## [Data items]
---

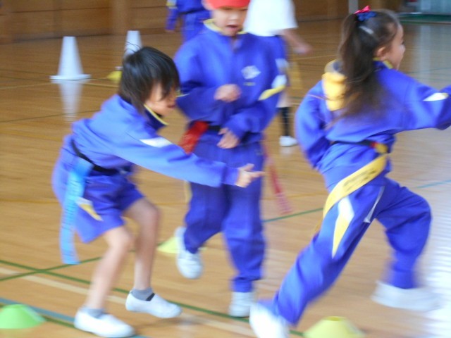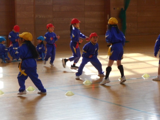 どちらに動けばよいのか、友達の動きを考えて運動しています。
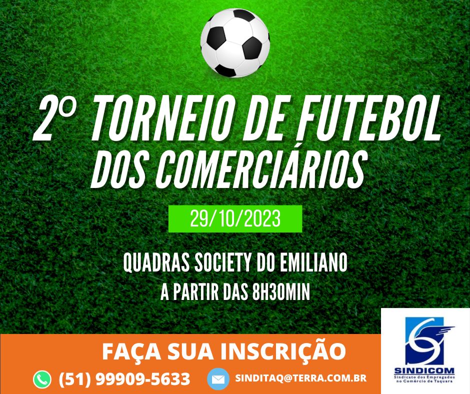 O 2º Torneio de Futebol dos Comerciários do Vale do Paranhana, alusivo ao Dia do Comerciário, celebrado no dia 30 de outubro, será realizado no dia 29 de outubro (domingo), a partir das 8h30min, nas Quadras Society Emiliano, localizadas na Avenida Sebastião Amoretti, 2980, no Bairro Santa Rosa, em Taquara.
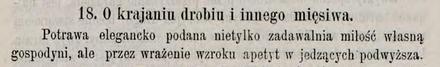 Dla gospodyń nie mających kucharza, wielką trudność w tym przedmiocie stanowi ładne pokrojenie pieczystego (…) choć to rzecz nie łatwa objaśnić słowami najlepiéj z przykładu się uczy. Od każdego drobiu czy to na pieczyste, czy na potrawę, po oczyszczeniu odkroić w stawach, nie odrąbywać, bo ostre koście wystawać będą, szyję, nóżki i skrzydła, ściągając o ile możliwości skórkę z szyi, aby została przy piersiach i grzbiecie, gdyż po ugotowaniu lub upieczeniu kurczy się skórka i brzydko wyglądają piersi, jakby odarte ze skóry; na to należy pilną uwagę zwracać.
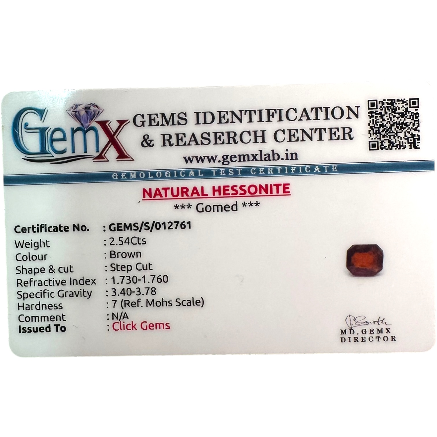 A stunning 2.54 carat natural Hessonite Garnet in Step Cut cut, glowing with earthy brown tones. Perfect for bold jewelry or mindful wear. GEMX certified and cut for elegance.
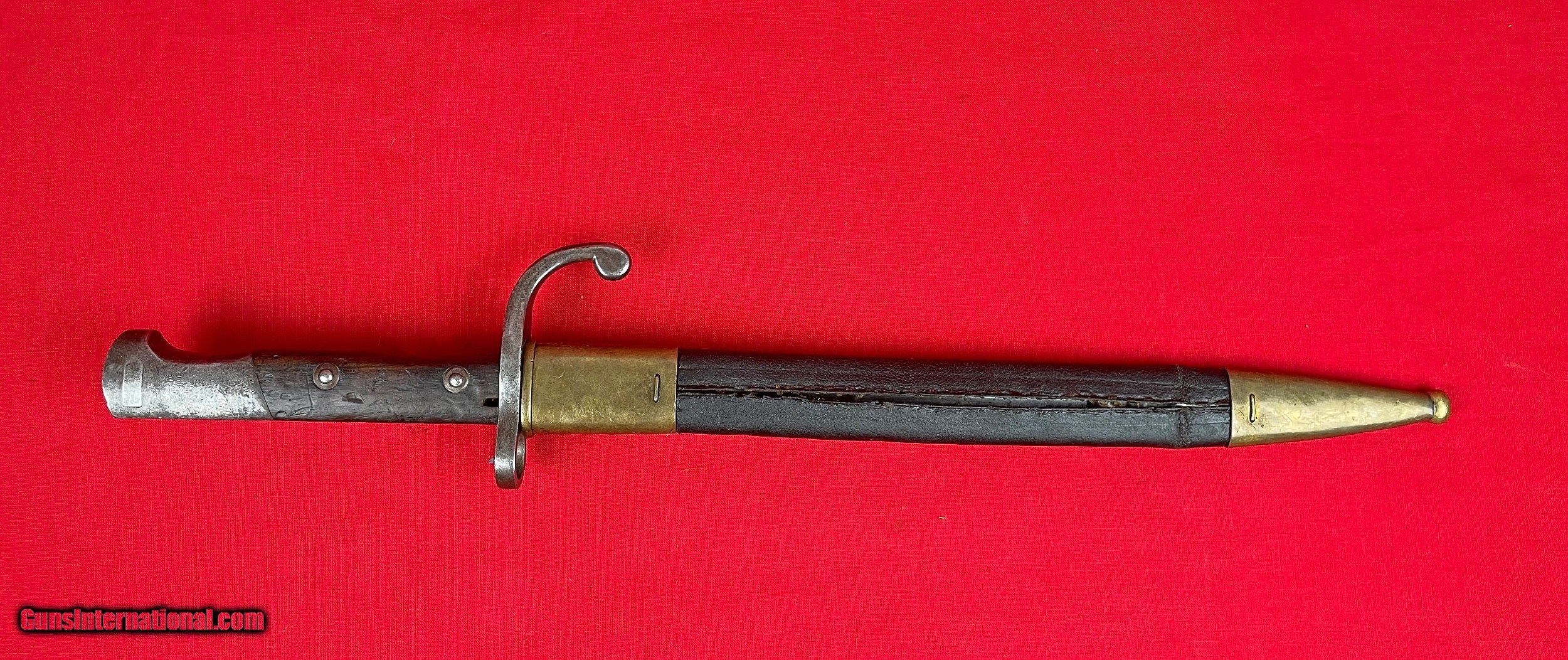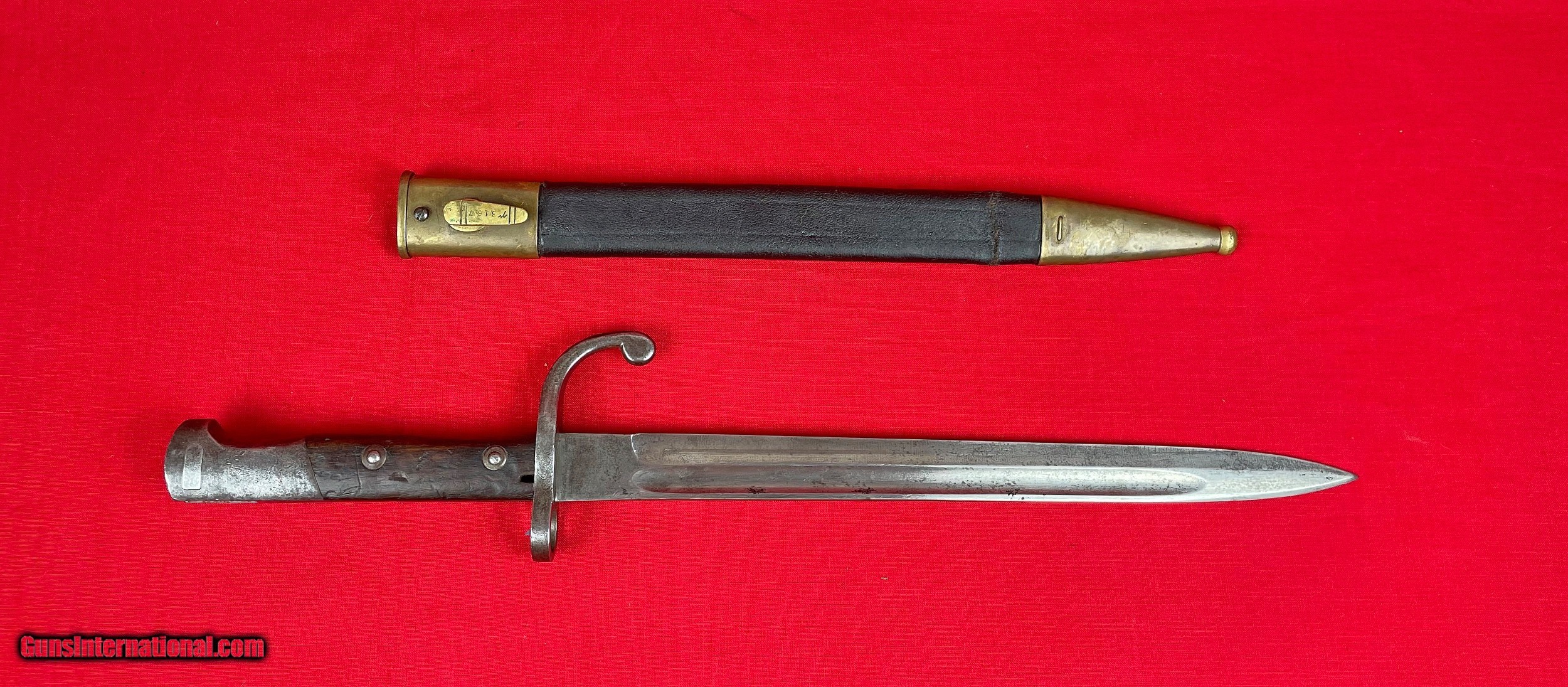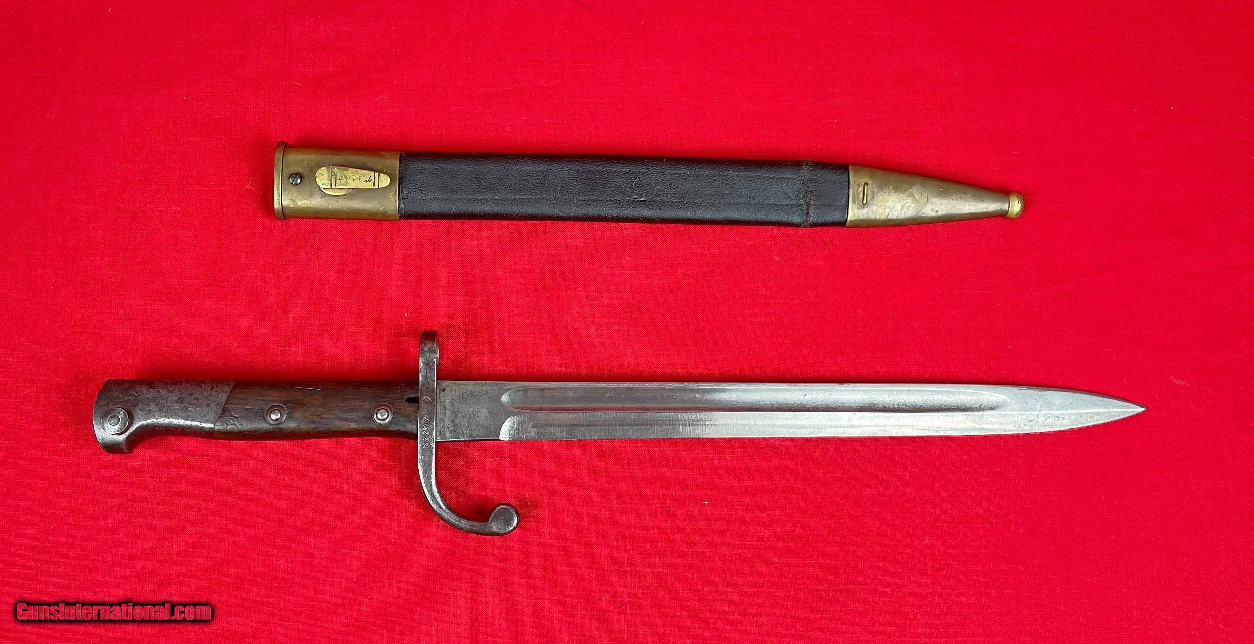 Description: Brazilian bayonet for Model 1908 Mauser Very good condition Includes scabbard in good condition with split along the seam Buyer pays shipping Call or text Paul at 601-397-8054 Please see all my items SOLD |

---

## [Prompt]
Copy out every line above without change, dropping the pictures.

## [Exercise answer]
 どちらに動けばよいのか、友達の動きを考えて運動しています。
 O 2º Torneio de Futebol dos Comerciários do Vale do Paranhana, alusivo ao Dia do Comerciário, celebrado no dia 30 de outubro, será realizado no dia 29 de outubro (domingo), a partir das 8h30min, nas Quadras Society Emiliano, localizadas na Avenida Sebastião Amoretti, 2980, no Bairro Santa Rosa, em Taquara.
 Dla gospodyń nie mających kucharza, wielką trudność w tym przedmiocie stanowi ładne pokrojenie pieczystego (…) choć to rzecz nie łatwa objaśnić słowami najlepiéj z przykładu się uczy. Od każdego drobiu czy to na pieczyste, czy na potrawę, po oczyszczeniu odkroić w stawach, nie odrąbywać, bo ostre koście wystawać będą, szyję, nóżki i skrzydła, ściągając o ile możliwości skórkę z szyi, aby została przy piersiach i grzbiecie, gdyż po ugotowaniu lub upieczeniu kurczy się skórka i brzydko wyglądają piersi, jakby odarte ze skóry; na to należy pilną uwagę zwracać.
 A stunning 2.54 carat natural Hessonite Garnet in Step Cut cut, glowing with earthy brown tones. Perfect for bold jewelry or mindful wear. GEMX certified and cut for elegance.
 Description: Brazilian bayonet for Model 1908 Mauser Very good condition Includes scabbard in good condition with split along the seam Buyer pays shipping Call or text Paul at 601-397-8054 Please see all my items SOLD |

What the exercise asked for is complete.